OH… your ported it… sorry, was a little confused.

Thanks. :smile:

it might have to do with the gameobject, but it keeps turning slightly to the right.

Hmmm… I put a test car on a terrain, dumped JCar onto it, assigned the wheels, rigid body, and collider. The basics.

I gave the car 1000 in mass, and proceeded to drive it around. The first thing I noticed is that the vehicle does exactly what you are specifying, The back end comes around a bit, next when I make a curve the whole car flips. Not good.

OK, in order to use this script, and script the script you must first understand the fine balance that is a car. First, lets discuss center of mass. You initially set teh vehicle at 0,-0.25, 0. This is all vehicle dependent, I ended up using 0,-0.75, 1. This means that I want more weight on the front wheels, and I want the balance of the vehicle to be towards the front. I will tell you, that as soon as I found my sweet spot, I found that the back end no longer came around or veered while driving.

The next thing you need to do is strike a balance on the Center of Mass using springs. I set the car about 20 feet in the air, and dropped it, The first thing I noticed was that there was no spring. It hit the ground like a rock.
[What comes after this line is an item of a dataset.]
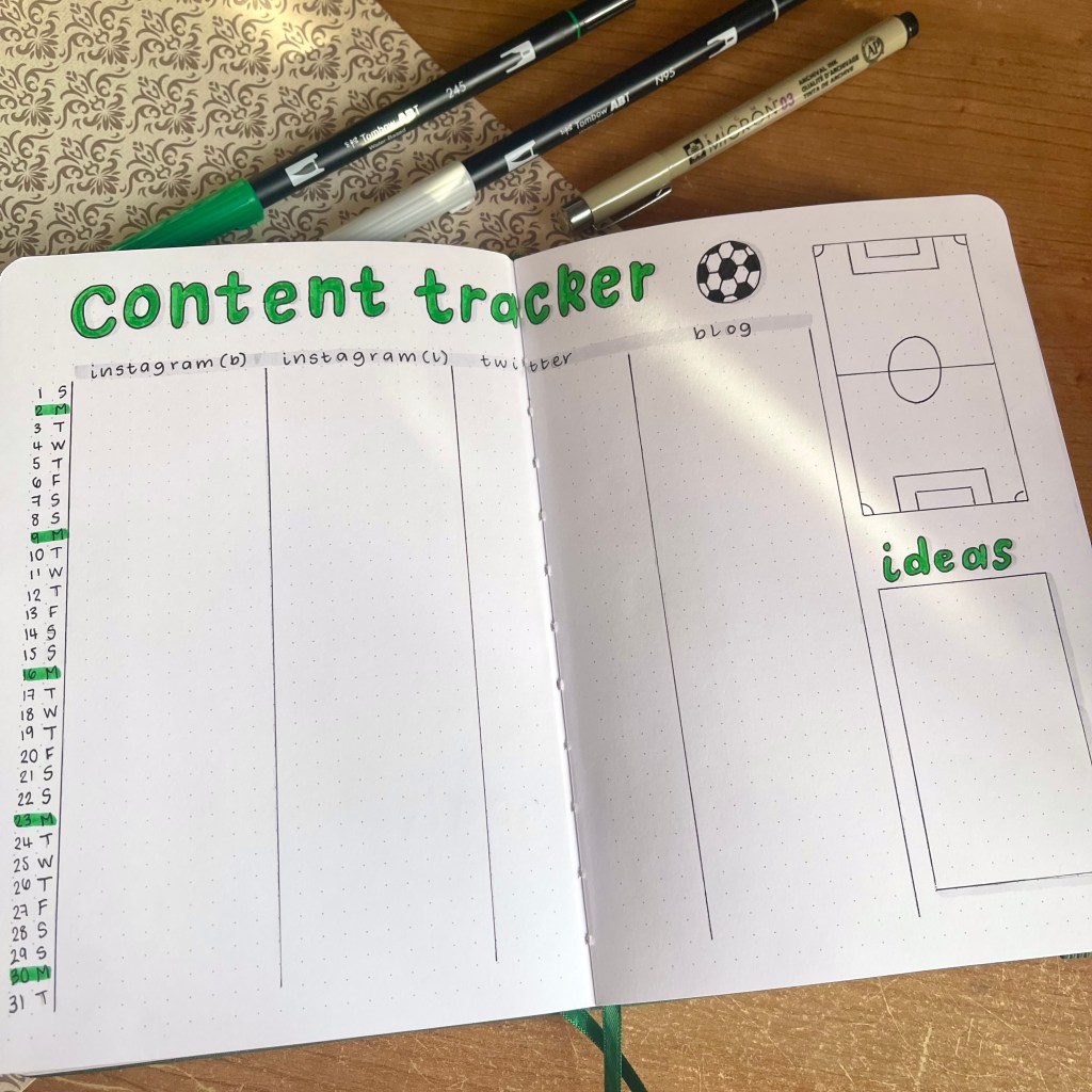 Once again, my content tracker for this month remains the same. I’ve created a table that includes the social media apps that I post on and I will use this to keep track of what I’m posting and when I’m posting on it. I had some space to the right of the table and so I decided to include a little ideas section to brainstorm any ideas I get about content. I kept the theme going for this page too and I really like how it turned out!

So, I got to tinkering with a spring for the car. I ended up with about 4000 spring. This caused the car to bounce slightly when dropped. It even lifted when accelerating, balanced and tipped when stopping. So that was a good deal. As I drove this around, I noticed that since my Center of Mass Z was forward, the mass of the vehicle sat more on the front of the vehicle. Thus causing it to sit leaning. This is not good. You want to strike a balance between the front and back even if the front has more weight.

So to counter this. I added some code:

// new global variable
var balance : float = 1.1; // front/rear spring balance

// added in the assignment of the wheel spring value
var spring=w.transform.localPosition.z>0.0 ? springs * balance : springs / balance;
js.spring = spring;

Once this was done, and I tweaked my car out to about 1.25 spring balance then it started sitting right, and acting a bit more normal.
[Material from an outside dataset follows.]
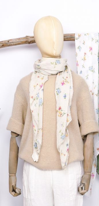 Der asymmetrische Schnitt verleiht dem Tuch eine moderne, lebendige Silhouette und macht es zu einem stilvollen Accessoire mit besonderem Charakter. Das florale Design erinnert an eine blühende Sommerwiese und bringt Frische sowie Leichtigkeit in jedes Outfit.

I could tweak it more but that was ok.

What does need to be added here is individualized wheels. What happens when you have a vehicle with large rear wheels than front? Suddenly the Wheel Radius becomes a liability. What if you wanted a front wheel drive car. JCar is not setup for that.
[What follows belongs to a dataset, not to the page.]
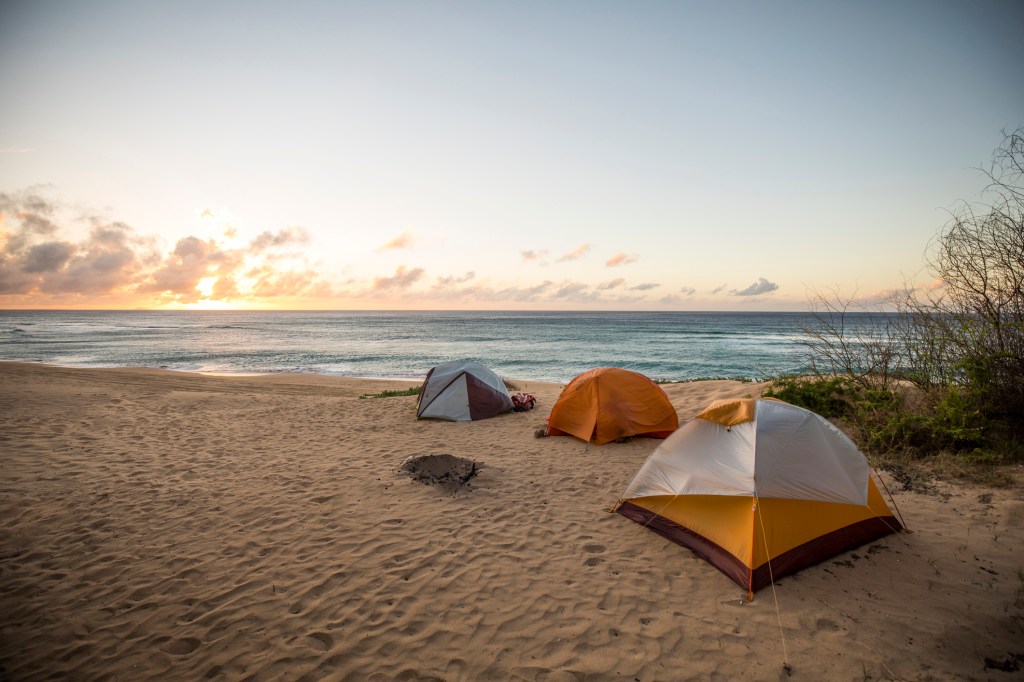 Even beaches that allow tents or other shelters during the day will likely require you to remove them before sunset each evening. Only a few beaches, mostly within state parks, allow overnight camping on beaches and may require permits to do so.

As a port, it is good. As an overall JCar lacked some functionality that I needed in making a vehicle controller script.

So here is your task… Take what you have done, add in individual wheel assignment. You could also omit some of the variables like wheel radius, by using renderer.bounds.y to get the height of the wheel. There are many other tricks to get you down to “Drag a car, drag the script, set the wheels, set the weight and center of mass and balance” Once you get it that simple, and drivable, you will have something really special.